Clin Cancer Res. 2022 Jun 08. pii: clincanres.0296.2022-1-28 03:44:54.997. [Epub ahead of print]
Junfen Xu,
Yifeng Fang,
Kelie Chen,
Sen Li,
Sangsang Tang,
Yan Ren,
Yixuan Cen,
Weidong Fei,
Bo Zhang,
Yuanming Shen,
Weiguo Lu.
PURPOSE: The heterogeneity of high-grade serous ovarian cancer (HGSOC) is not well studied, which severely hinders clinical treatment of HGSOC. Thus, it is necessary to characterize the heterogeneity of HGSOC within its tumor microenvironment (TME).
EXPERIMENTAL DESIGN: The tumors of seven treatment-naïve HGSOC patients at early or late stages and five age-matched non-malignant ovarian samples were analyzed by deep single-cell RNA sequencing (scRNA-seq).

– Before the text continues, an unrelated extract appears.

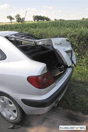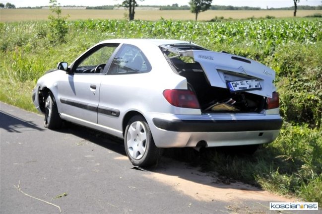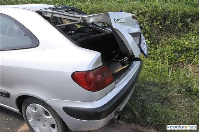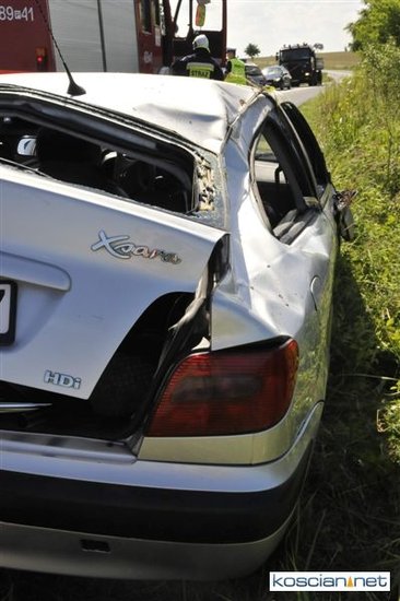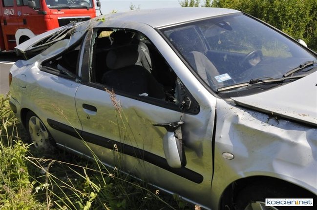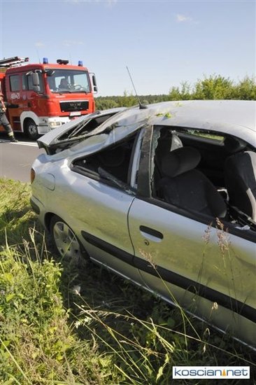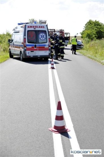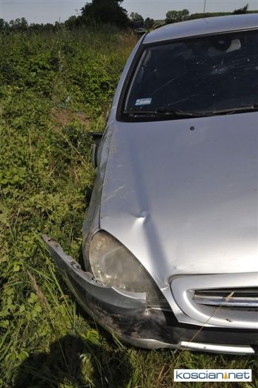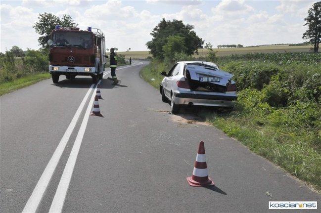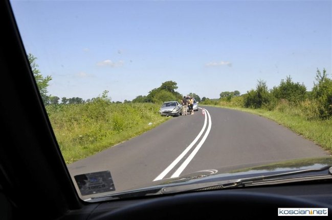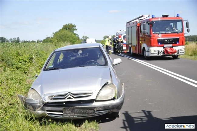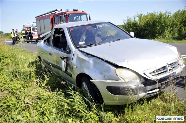 O godzinie 9.58 przyjęto zgłoszenie o kolizji, do której doszło na drodze z Gryżyny do Osieka. Jak wynika z relacji kierującej citroenem xsara 21-letniej mieszkanki powiatu leszczyńskiego została ona zmuszona do zjechania z drogi przez białego dostawczego busa, który miał nieprawidłowo wykonywać manewr wymijania. Chcąc uniknąć zderzenia zjechała do rowu po czym samochód dachował. Na miejscu interweniowały jednostki PSP Kościan i OSP Gryżyna, ratownicy medyczni i policja.

RESULTS: A total of 59,324 single cells obtained from HGSOC and non-malignant ovarian tissues were sequenced by scRNA-seq. Among those cells, tumor cells were characterized by a set of EMT-associated gene signature, in which NOTCH1, SNAI2, TGFBR1 and WNT11 was further selected as a genetic panel to predict the poor outcomes of HGSOC patients. Matrix CAFs (mCAFs) expressing α-SMA, vimentin, COL3A, COL10A and MMP11, were the dominant CAFs in HGSOC tumors and could induce epithelial-to-mesenchymal transition (EMT) properties of OC cells in the co-culture system. Specific immune cell subsets such as C7-APOBEC3A M1 macrophages, CD8+ TRM and TEX cells were preferentially enriched in early-stage tumors. Additionally, an immune co-inhibitory receptor TIGIT was highly expressed on CD8+ TEX cells and TIGIT blockade could significantly reduce OC tumor growth in mouse models.

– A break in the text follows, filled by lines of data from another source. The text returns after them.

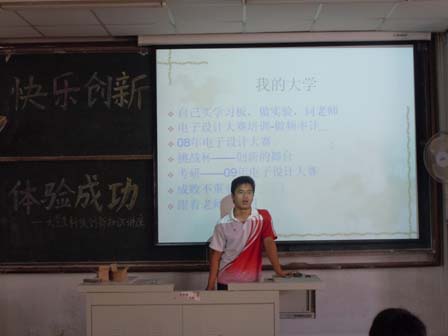 到场的嘉宾有已考入浙江大学研究生的张国锋,他曾参加过08、09年两届电子设计大赛并分别取得山东省二等奖和全国二等奖的好成绩。以及参加过“挑战杯”创业设计大赛并入围省级比赛的自动化095班的宋君明同学。首先,张国锋同学针对自己参加电子设计大赛的亲身体验对如何参加电子设计大赛、如何解决参赛时遇到的问题等问题一一作了详细解答,在场的同学们都认真的做了详细的笔记。在张同学讲话最后,他给在场的同学提出了几点可行的意见,让同学们在科技创新的过程中少走弯路。接下来是由宋君明同学对自己参加创业大赛的认识与感悟做了演讲,他就自己的参赛作品“太阳能热水器”做了讲解,他主要讲了参赛时发生的给自己留下深刻印象的事情,还有对自己的启发。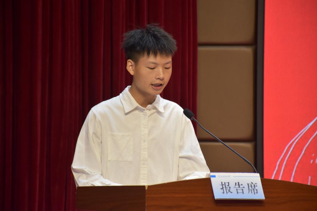 测绘工程2102班张宏作为在校员工代表发言。他表示作为老员工,学习始终是我们的首要任务,要将目光放得长远,脚踏实地走好每一步。大学不仅要获取知识,更是要培养品德和价值观,我们要恪守诚信,尊重他人,积极参加社会活动,以青春之礼助梦想之舟,为社会做贡献,树立远大的理想目标。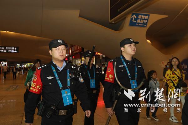 就在章凡巡查的同时,武汉车站派出所值勤巡逻队队长刘兵,正带领民警在出站口巡逻值守。

CONCLUSIONS: Our transcriptomic results analyzed by scRNA-seq delineate a ecosystemic landscape of HGSOC at early or late stages with a focus on its heterogeneity with TME. The major applications of our findings are a four EMT-gene model for prediction of HGSOC patient outcomes, mCAFs' capability of enhancing OC cell invasion and potential therapeutic value of anti-TIGIT treatment.